Google's servers can flag those files and notify law enforcement.
"Certainly"? Are you speaking of a legal or moral responsibility? If a legal one, what imposes that responsibility? What happens if it's not obvious, or it's jurisdiction-dependent, whether the material is illegal?
I was thinking more of a business ethics POV; Google certainly doesn’t want to be known as a site that allows child pornography and will take steps to protect their business.
And whether the material is illegal, that’s what I was getting at on the ‘where is the line of reportable’ comment – and that is a tough question and the answer will spin on the definition of “reasonable” which what 4A is all about.
Child pornography, yeah it would be reasonable for Google to forward that info to law enforcement.
But say the police put out a statement that a suspect wanted for a murder on Tuesday in Dallas, TX, was wearing a purple shirt with zebra stripes and Google servers detect a file/email that states, “I bought a purple shirt with zebra stripes in Dallas, TX, on Monday.”
Where is the line of reasonableness to report that?
Good question.
I don’t see how it could be the case that terms of service don’t implicate 4th Amendment rights.
Of course they implicate them. Questions is whether they obviate them.
Example. Someone rents an apartment to live in. Standard lease term is the landlord has the right to come in to make repairs and inspect for safety issues, or to show the apartment to prospective tenants or building purchasers. Some state laws do regulate such access, but AFAIK all permit access in some situations.
Does that mean the tenant has no 4th Amendment rights? Can the landlord consent to a warrantless search by the police? I think the answer is, generally, no. Because the tenant still has an expectation of privacy.
While it's simple to demand a license to copyrighted work via terms of service, transfer of ownership requires a written, signed agreement, and can interact with the UCC and state laws. The value of the work can affect the rules.
Oof, if I were an online messaging vendor, the very LAST thing I would want to do would be to proactively scan my users for content that might be “of interest” to the government.
Fast way to throw your business right out the virtual window!
Much as I love to watch the legal mind at work, sometimes I really wonder about youse guys. We’ve too many legal Jedi masters butting into everybody’s business. Time to restore the balance in the Force and bring in more “politically ignorant” brilliant business minds to remind everyone that not every problem must be solved with a lawsuit.
How about if you're an online messaging vendor who's so large that you really want the government to have a motive to refrain from anti-trust charges against you?
If I do not have biometric identification turned on for my smartphone, can I be compelled to give my passcode to a police officer in absence of a warrant? I have been under the assumption that no, I cannot be compelled to provide my passcode, absent a warrant. Is that still a correct understanding?

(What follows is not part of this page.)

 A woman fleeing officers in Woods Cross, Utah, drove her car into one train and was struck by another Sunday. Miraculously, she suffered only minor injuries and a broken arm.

Prof. Kerr argues that a court should reject the claim of privilege when the government has independent knowledge that the person knows the password.

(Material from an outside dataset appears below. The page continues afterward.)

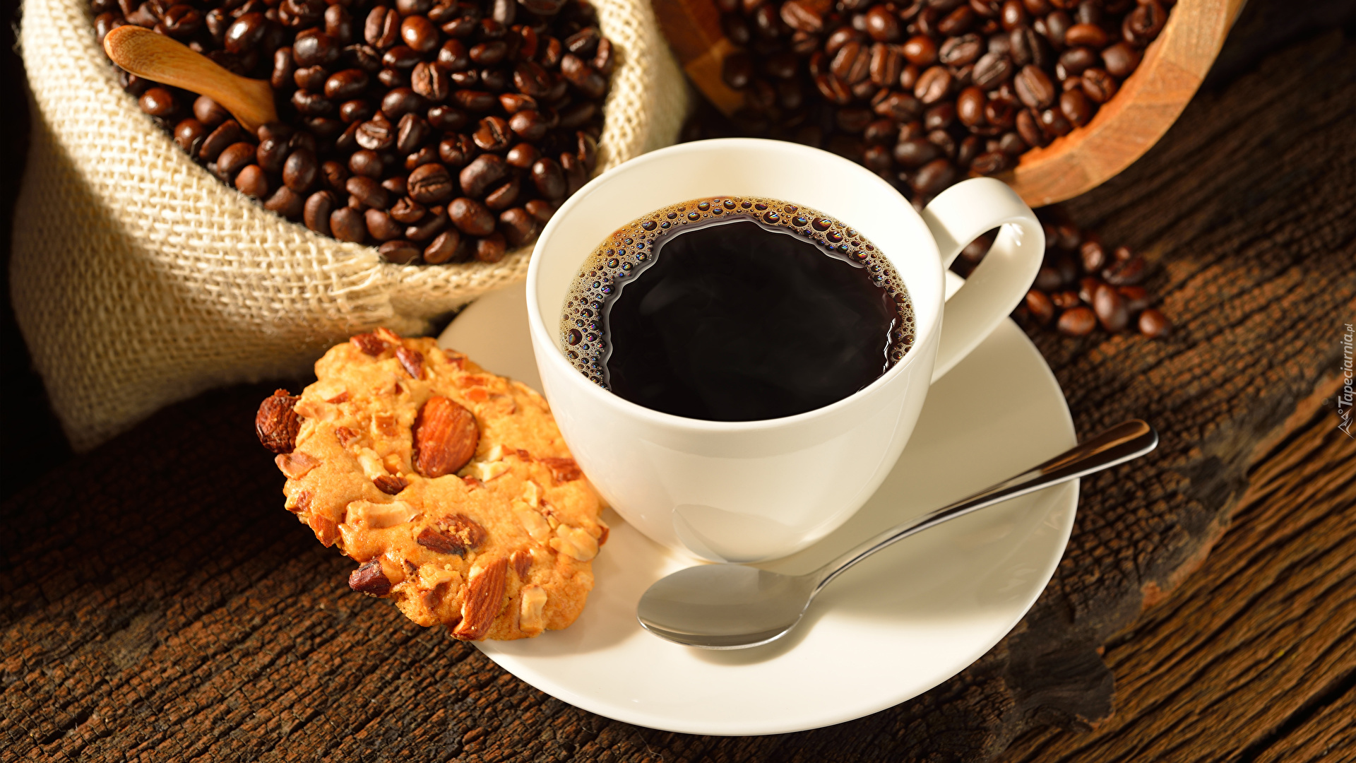 Edytor tapety: Filiżanka kawy z ciasteczkiem na spodku

Entering a password that unlocks a device has a testimonial component: it testifies that the person knows the password that unlocks the device.

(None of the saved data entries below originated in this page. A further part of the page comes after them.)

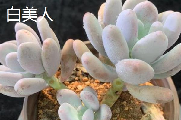 (2)白美人主要是由于它的独特外形而得名,因为叶片肉肉的很圆润且上面附着有一层白粉,故而得名白美人。
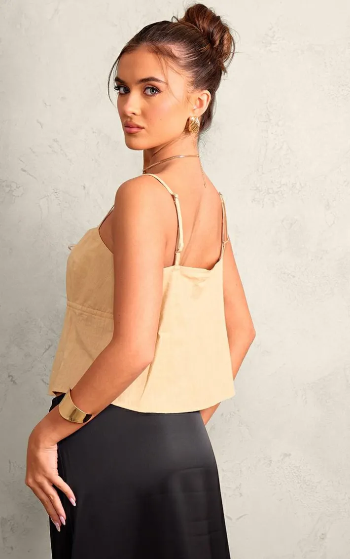 Make sure your new season look stays on point with this stone tie front spaghetti strap top. Brought to you in a stone hue material with a tie front design and spaghetti straps, what more could you want? Style this stone top with a maxi skirt and some statement accessories for a look that is sure to make heads turn wherever you go.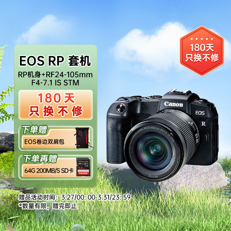 佳能(Canon)EOS RP 全画幅微单数码相机 24-105标准镜头套装 (约2620万像素/轻巧便携)价格:9999.00元!

But the foregone conclusion doctrine applies when the government has independent knowledge of that fact. This standard allows the government to compel a suspect to enter a password in many but not all cases.
https://texaslawreview.org/wp-content/uploads/2019/03/Kerr.V97.4.pdf
I don’t particularly agree with Prof. Kerr but at the same time, I’m not sure I could muster a better legal argument.
While at the same time, I agree that it’s constitutional for law enforcement to gather fingerprints and swabs for identification purposes.
Those are not evidence – the fingerprint or DNA at the crime scene is.